Thursday, February 17th, 2005

HTTP_REFERER spamming: the mob found my website

Like most webmasters, I keep track of the websites that link to this one. In the jargon of my people this is called “referer logging,” which is short for “HTTP_REFERER logging,” which I include for the benefit of GoogleBot.

Starting a few months ago, my referer logs became worthless; they were filled with sites that couldn’t possibly be linking to mine: paris-hilton-video.blogspot.com, www.texas-holdem-poker-downloads-4u.info, viagra.hosting4u.gb.com. In other words, even though those sites did not contain links to debris.com, my logs looked as if hundreds of people per day were clicking through from there to here.

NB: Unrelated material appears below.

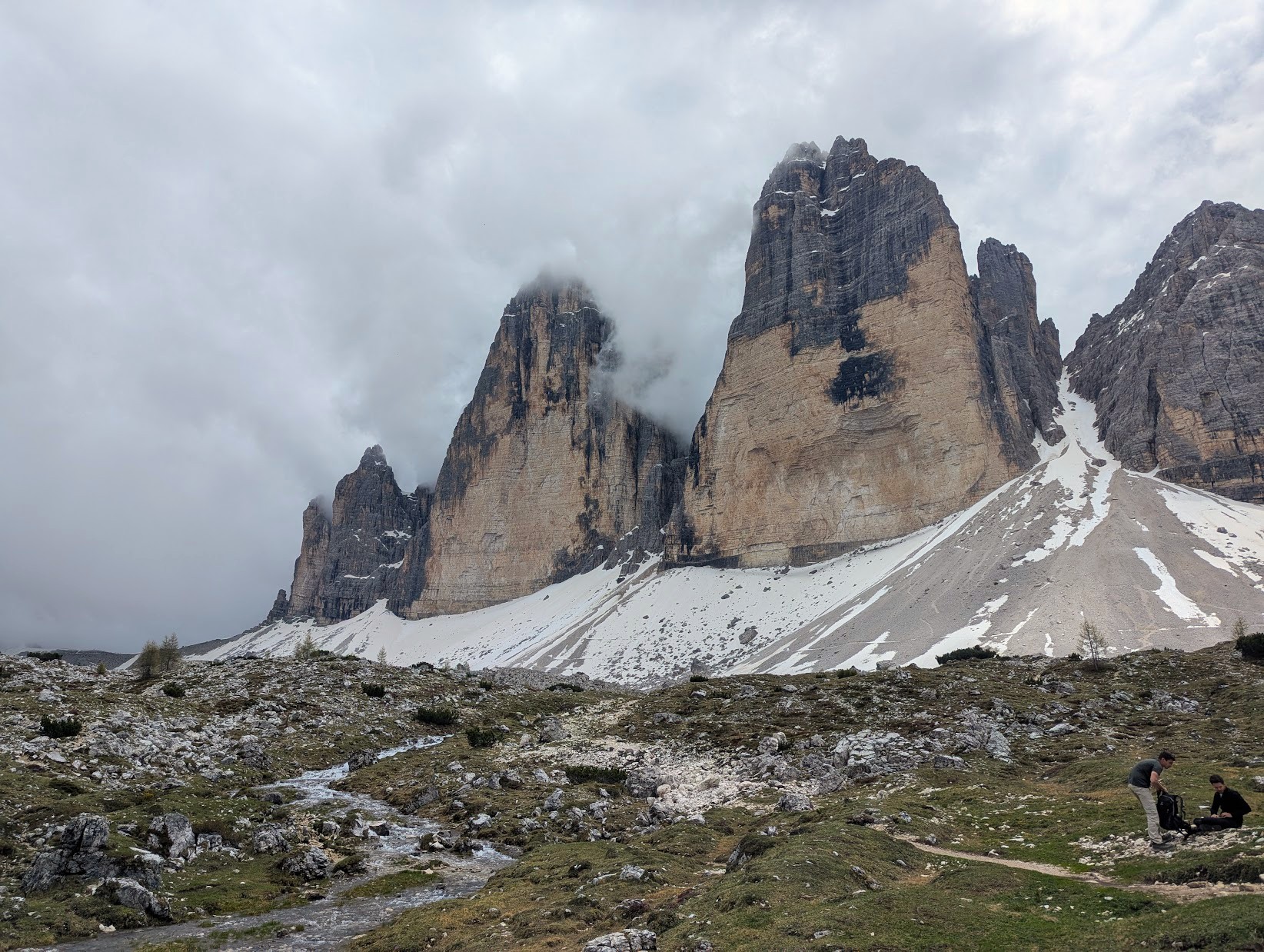 Foi aqui que pela primeira vez estive num local com neve, mas com calor suficiente para andar de manga curta. Meio estranho para o cérebro conseguir fazer sentido nisto. Mesmo assim sem fazermos o trilho que queríamos ainda passámos duas horas a explorar a zona. Por isso se calhar até foi bom não termos feito o trilho Giro delle Torri o qual provavelmente nos levaria mais outras duas horas (quando o finalmente tivéssemos encontrado).

Why would anyone bother to fake clickthroughs? Because some websites automatically display the URLs other readers have clicked through from. The gambling and porn site owners are hoping debris.com will automatically display, and link to, their URLs.

It’s all Google’s fault. Google’s PageRank system counts inbound links as relevance votes: the more sites link to website X, the more relevant website X must be. So, if a million weblogs link to paris-hilton-viagra-holdem-poker.org, then paris-hilton-viagra-holdem-poker.org will show up high in Google’s search results for any search on related terms.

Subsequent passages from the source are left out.